On November 27, 2009, the DSWD, a certificate was issued declaring Baby Julian as “Legally Available
for Adoption.” On February 5, 2010, Baby Julian was “matched” with Spouses Medina and supervised
trial custody was then commenced.

On May 5, 2010, Christina who had changed her mind about the adoption, wrote a letter to the DSWD
asking for the suspension of Baby Julian’s adoption proceedings. She also said she wanted her family
back together.

On May 28, 2010, the DSWD, through respondent Atty. Segui, sent a Memorandum to DSWD
Assistant Secretary Cabrera informing her that the certificate declaring Baby Julian legally available for
adoption had attained finality on November 13, 2009, or three months after Christina signed the
Deed of Voluntary Commitment which terminated her parental authority and effectively made Baby
Julian a ward of the State.

On July 27, 2010, Christina filed a petition for the issuance of a writ of amparo before the RTC seeking
to obtain custody of Baby Julian from DSWD.

ISSUE:

Whether or not a petition for a writ of amparo is the proper recourse for obtaining parental authority
and custody of a minor child.

HELD:
The Court held that the availment of the remedy of writ of amparo is not proper as there was no
enforced disappearance in this case.

As to what constitutes “enforced disappearance,” the Court in Navia v.

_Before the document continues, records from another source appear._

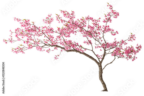 Pink cherry blossom tree, isolated on transparent background, showcasing delicate flowers and branches background removed
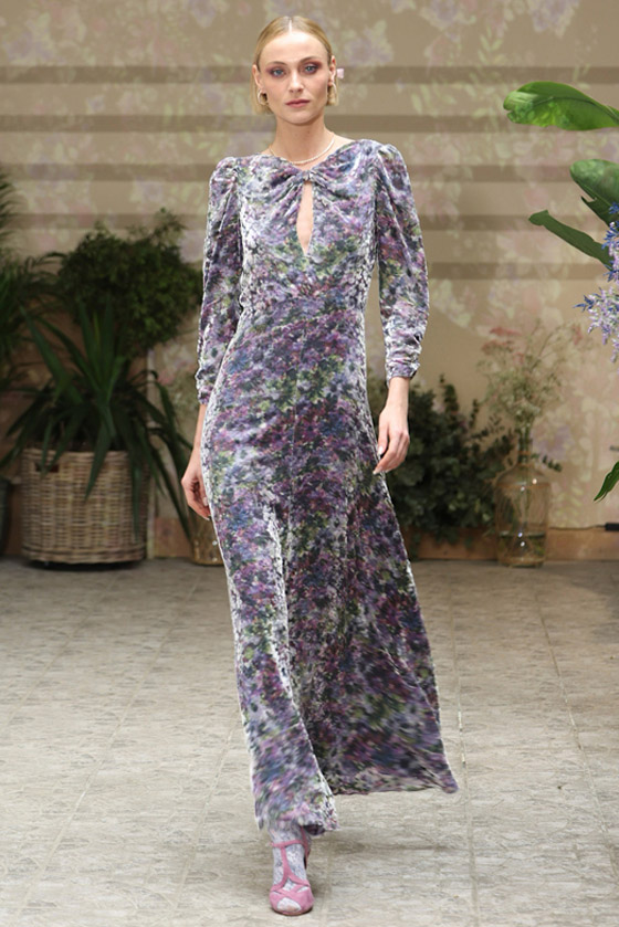 عادة ما تكون الفساتين المخمل بألوان شتوية داكنة خالية من أي طبعات، ولكن هذا العام كسرت بعض الماركات هذه القاعدة، وقدموها بألوان فاتحة وطبعات مستوحاة من الطبيعة أضفت عليها لمسة حيوية ستحبها عاشقات اللوكات المرحة اللواتي يرغبن في التأنق بالمخمل خلال النهار، سيعجبك الفستان الرمادي الطويل المزدان بأنماط الورود من مجموعة ماركة لويزا بيكاريا Luisa Beccaria، ارتدي تحته قميصاً أبيض لتحافظي على ستايلك المحتشم، وأكملي الطلة بانتعال حذاء مدبب رمادي فاتح، واختاري الحقيبة من اللون نفسه، وزيني أذنيك بأقراط Studs ناعمة من الذهب الأبيض، وارتدي ساعة من الذهب الأبيض.
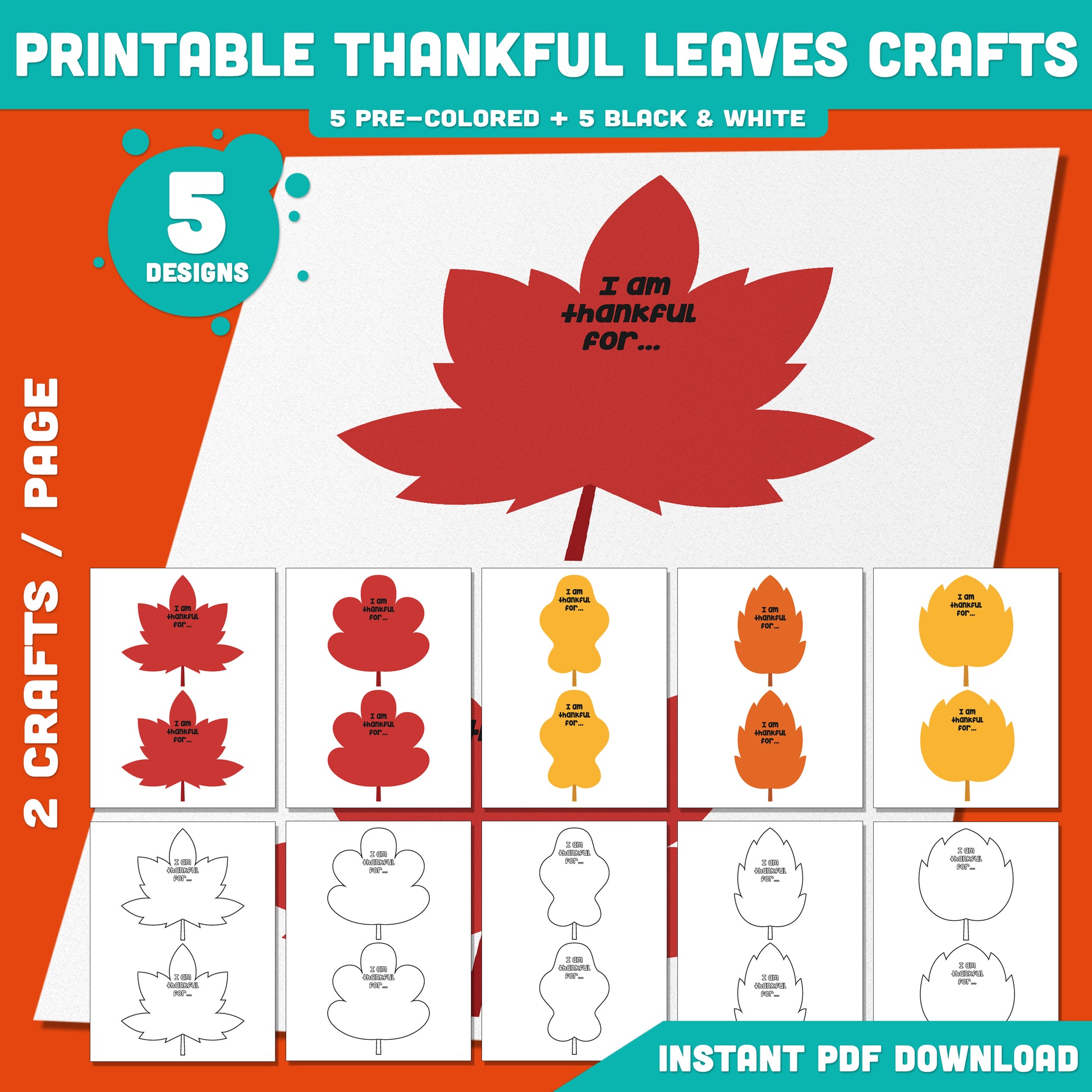 Printable Thankful Leaves Crafts – Thanksgiving Gratitude Activity, Fun Fall & Autumn Classroom Decor, Pre-colored + Black & White Pages, PDF Download

Pardico enumerated the
elements constituting “enforced disappearances” as the term is statutorily defined in Section 3(g) of
R.A. No. 9851 to wit:

That there be an arrest, detention, abduction or any form of deprivation of liberty;

That it be carried out by, or with the authorization, support or acquiescence of, the State or a political
organization;

That it be followed by the State or political organization’s refusal to acknowledge or give information
on the fate or whereabouts of the person subject of the amparo petition; and,

That the intention for such refusal is to remove subject person from the protection of the law for a
prolonged period of time.

The Court held that there was no enforced disappearance because the respondent DSWD officers
never concealed Baby Julian’s whereabouts. In fact, Christina obtained a copy of the DSWD’s
Memorandum explicitly stating that Baby Julian was in the custody of the Medina Spouses when she
filed her petition before the RTC. Besides, she even admitted in her petition that the respondent
DSWD officers presented Baby Julian before the RTC during the hearing. There is therefore, no
“enforced disappearance” as used in the context of the Amparo rule as the third and fourth elements
are missing.

Christina’s directly accusing the respondents of forcibly separating her from her child and placing the
latter up for adoption, supposedly without complying with the necessary legal requisites to qualify the
child for adoption, clearly indicates that she is not searching for a lost child but asserting her parental
authority over the child and contesting custody over him.

Since it is extant from the pleadings filed that what is involved is the issue of child custody and the
exercise of parental rights over a child, who, for all intents and purposes, has been legally considered
a ward of the State, the Amparo rule cannot be properly applied.